1

Does C really need two single quotes (apostrophes) to delimit char literals instead of just one?

For string literals we do need to delimit the start and the end since strings vary in length, but it seems to me that we do know how long a char literal will be: either a single character (in the source), two characters if it is a regular character escape (prefix \0), five characters if it is an octal literal (prefix \0[0-7]), etc.

Keep in mind that I am looking for a technical answer, not a historical one. Does it make parsing simpler? Did it make parsing simpler on 70s hardware? Does it allow for better parsing error messages? Things like that.

(The same question could be asked for most C syntax inspired languages since most of them seem to use the same syntax to delimit char literals. I think the Jai programming language might be an exception since I seem to recall that it just uses a single question mark (at the beginning), but I’m not certain.)

Some examples:

  • 'G'
  • '\0'
  • '\0723'

Would it work if we just used a single quote at the start of the token?

  • 'G
  • '\0
  • '\0723

Could we in principle parse these tokens the same way without complicating the grammar?

We see that the null byte literal and the octal literal have the same prefix, but there might not be any ambiguity since there might not be any way that '\0 followed immediately by 723 might be anything else than a char literal (at least to my mind). And if there is an ambiguity then the null byte literal could become \z instead.

Are the two single quotes needed in order to properly parse char literals?

Guildenstern
  • 2,179
  • 1
  • 17
  • 39

3 Answers3

8

cppreference.com says that multicharacter constants were inherited to C already from the B programming language, so probably have existed from the start. Since they can be of various widths, the ending quote is pretty much a requirement.
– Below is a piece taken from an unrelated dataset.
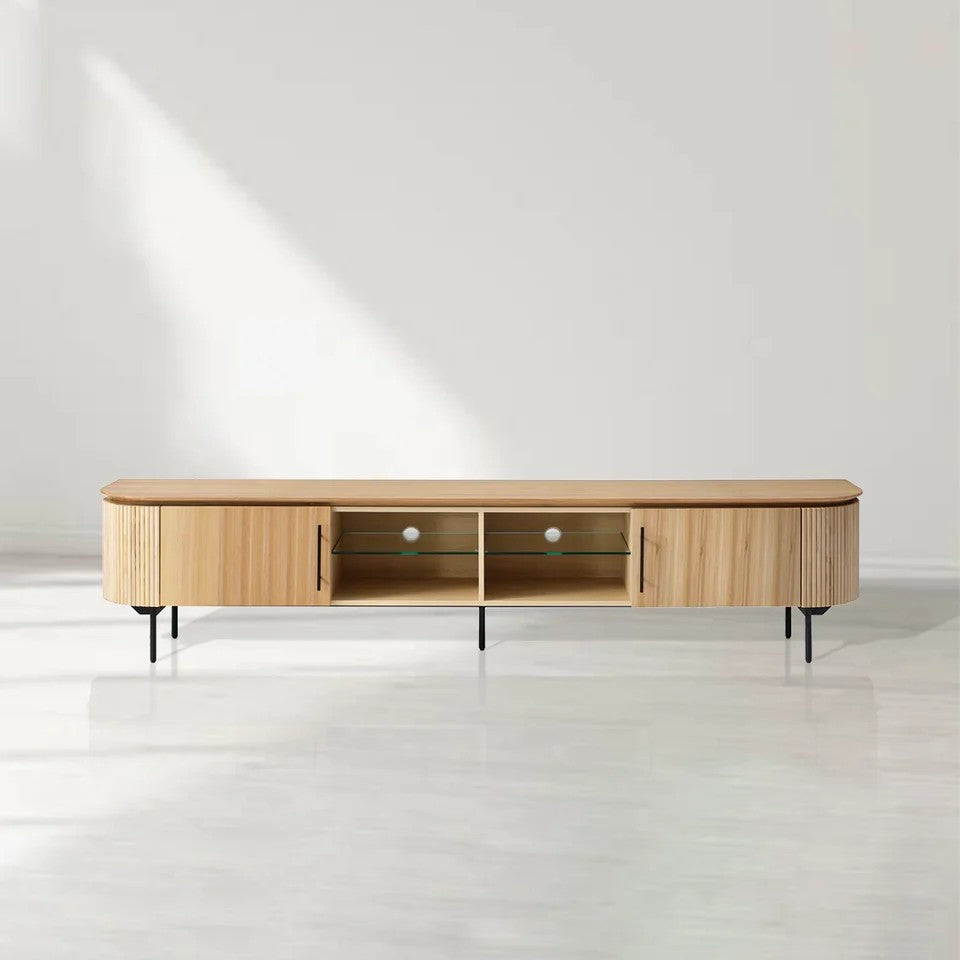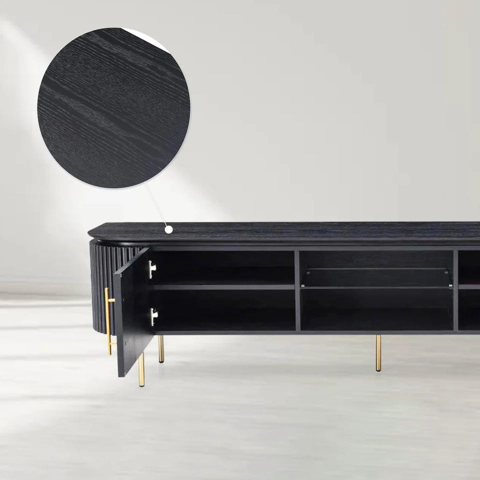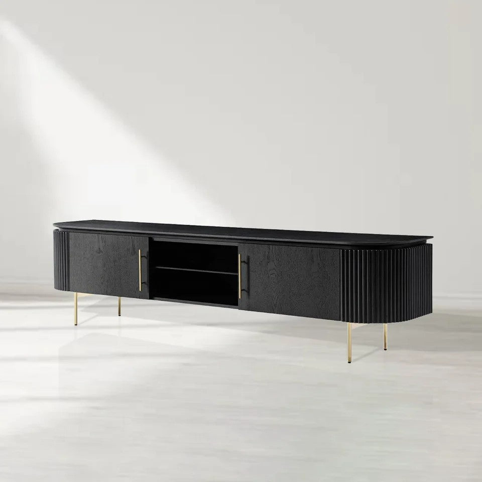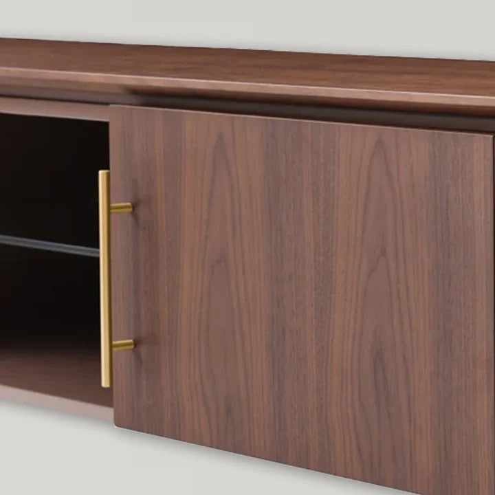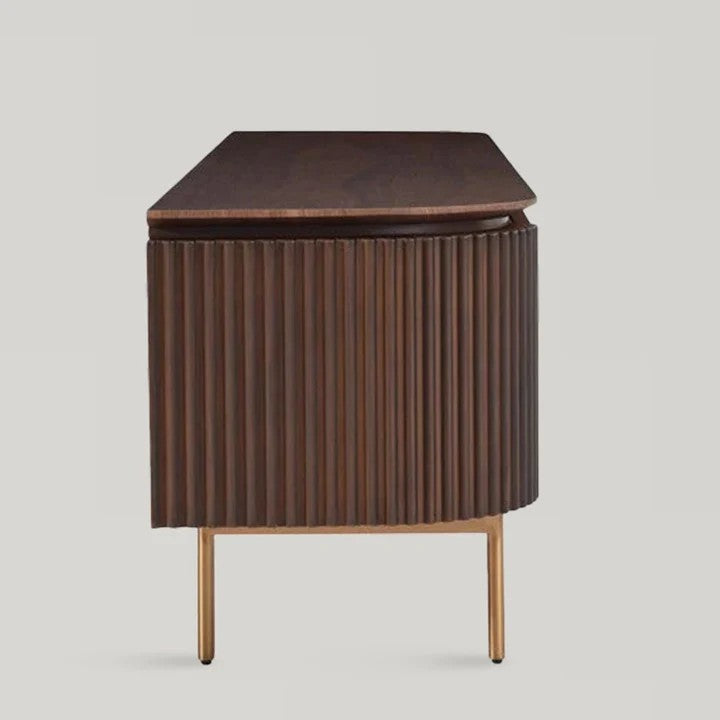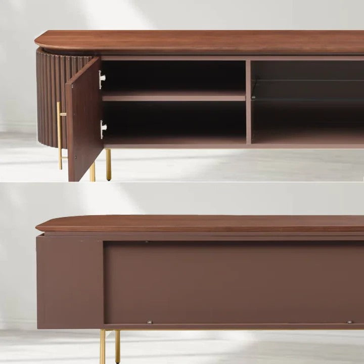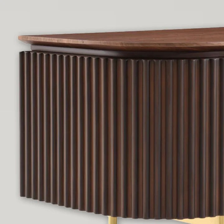 • The Nantie TV Unit captivates with its stunning walnut finish, exuding natural beauty and warmth. The rich walnut veneer not only enhances its luxurious appeal but also ensures durability, making it a lasting investment for your living space. The ribbed end panels create texture and depth, adding a refined touch to the overall design.

Apart from that and aesthetics in general, a character constant representing the space character in particular would look somewhat awkward and be a likely magnet for mistakes if it was just ' instead of ' '.

ilkkachu
  • 6,221
  • 16
  • 30
3

One answer (there might be more) might be that C99 supports multicharacter literals. See for example this SO question.

So for example 'left' is a valid (multi) char literal.

Once you have multichar literals you might not be able to just use a single quotation marks to delimit char literals. For example, how would you delimit the literal 'a c' with just one single quotation mark?

The meaning of such literals is implementation defined so I don’t know how widely-supported this feature is.

Guildenstern
  • 2,179
  • 1
  • 17
  • 39
2

Why does C use two single quotes to delimit char literals instead of just one?

Because several historical predecessors of C (e.g. PL/1, and B and some dialects of Fortran or ALGOL) did so.

And because the C standard (e.g. n1570 or something newer) specifies that.

And perhaps because in the 1970s it was faster to parse (for most char literals like 'z' ....)

Basile Starynkevitch
  • 223,805
  • 18
  • 296
  • 547